Collected data:

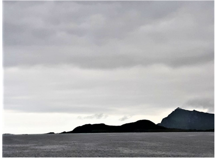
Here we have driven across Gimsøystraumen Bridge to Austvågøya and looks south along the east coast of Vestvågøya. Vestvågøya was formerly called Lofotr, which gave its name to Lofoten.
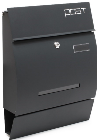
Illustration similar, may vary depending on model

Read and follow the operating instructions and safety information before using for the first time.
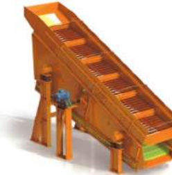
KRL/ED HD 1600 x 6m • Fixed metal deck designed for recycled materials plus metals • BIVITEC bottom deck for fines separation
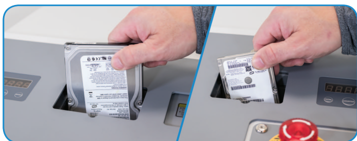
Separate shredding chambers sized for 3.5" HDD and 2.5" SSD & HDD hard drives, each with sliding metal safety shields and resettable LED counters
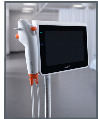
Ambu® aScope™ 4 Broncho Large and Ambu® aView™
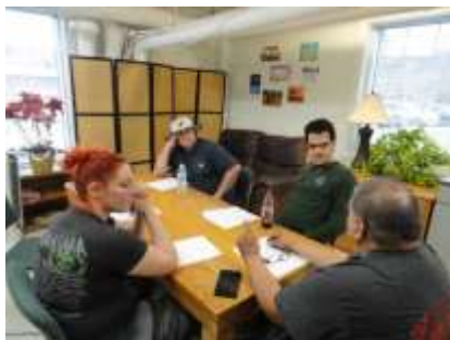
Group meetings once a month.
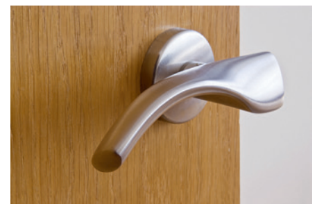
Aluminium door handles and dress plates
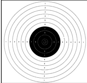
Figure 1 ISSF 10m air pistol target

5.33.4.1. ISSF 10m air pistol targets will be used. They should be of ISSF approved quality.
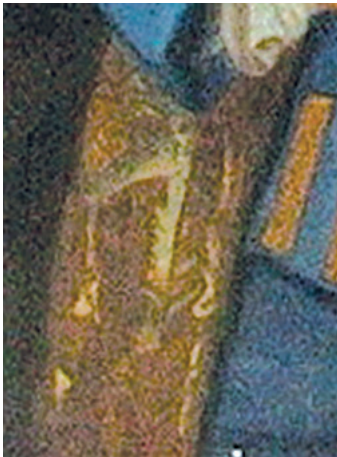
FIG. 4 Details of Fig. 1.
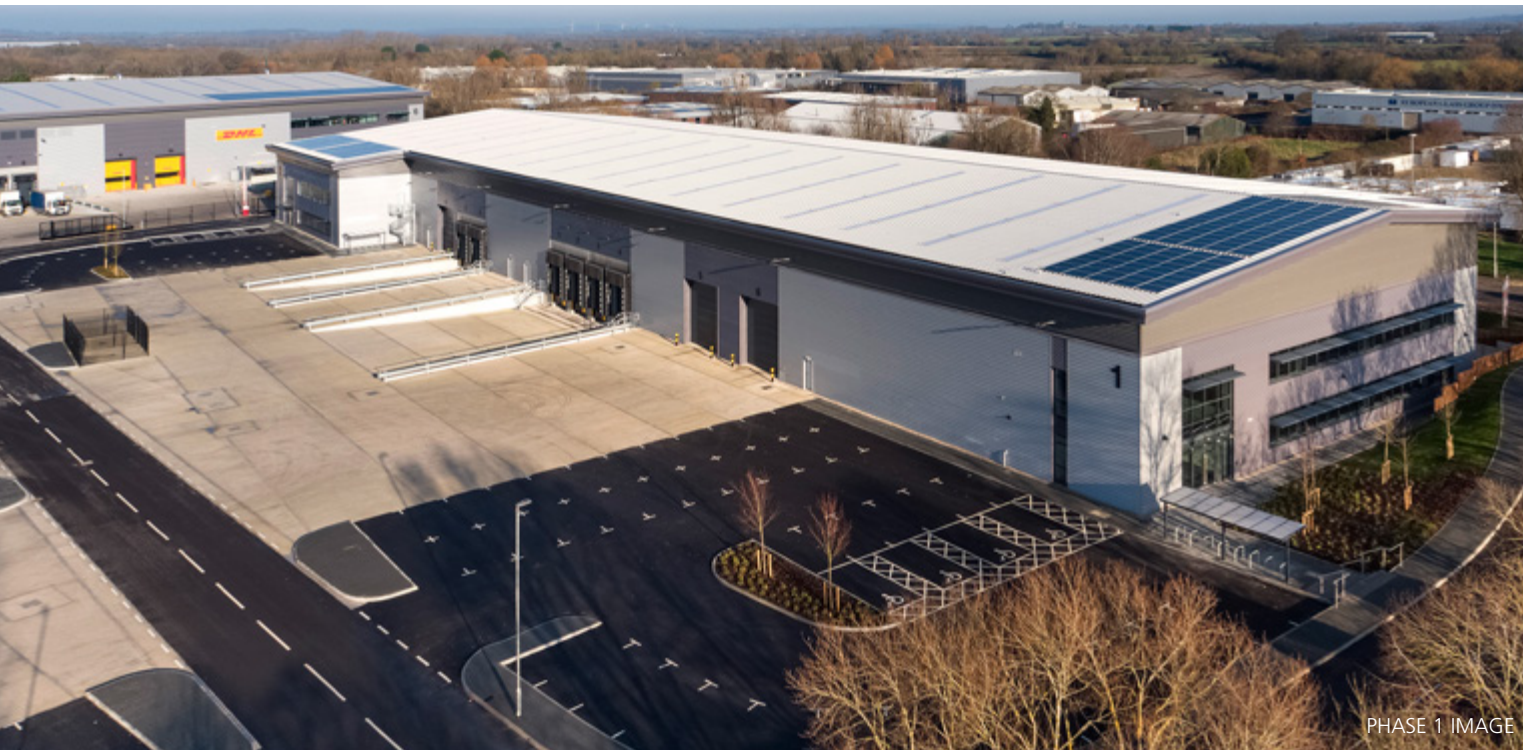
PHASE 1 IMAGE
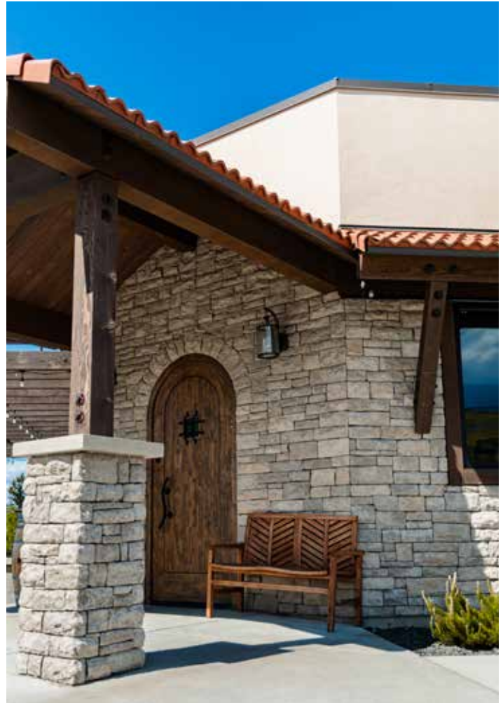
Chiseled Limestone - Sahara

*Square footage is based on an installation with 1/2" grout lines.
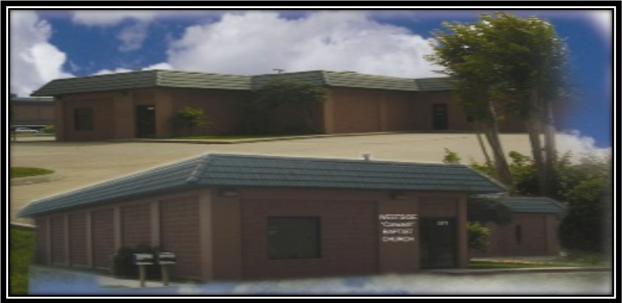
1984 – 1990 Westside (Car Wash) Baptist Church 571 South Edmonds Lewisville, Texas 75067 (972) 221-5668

▶ [PROBLEM TO WORK ON]:
Only the lines from the start of the records above through the line containing "5.33.4.1. ISSF 10m" should be returned, exactly and with both ends, please; the pictures stay out.

▶ [OUTPUT BELOW]:
Here we have driven across Gimsøystraumen Bridge to Austvågøya and looks south along the east coast of Vestvågøya. Vestvågøya was formerly called Lofotr, which gave its name to Lofoten.
Illustration similar, may vary depending on model

Read and follow the operating instructions and safety information before using for the first time.
KRL/ED HD 1600 x 6m • Fixed metal deck designed for recycled materials plus metals • BIVITEC bottom deck for fines separation
Separate shredding chambers sized for 3.5" HDD and 2.5" SSD & HDD hard drives, each with sliding metal safety shields and resettable LED counters
Ambu® aScope™ 4 Broncho Large and Ambu® aView™
Group meetings once a month.
Aluminium door handles and dress plates
Figure 1 ISSF 10m air pistol target

5.33.4.1. ISSF 10m air pistol targets will be used. They should be of ISSF approved quality.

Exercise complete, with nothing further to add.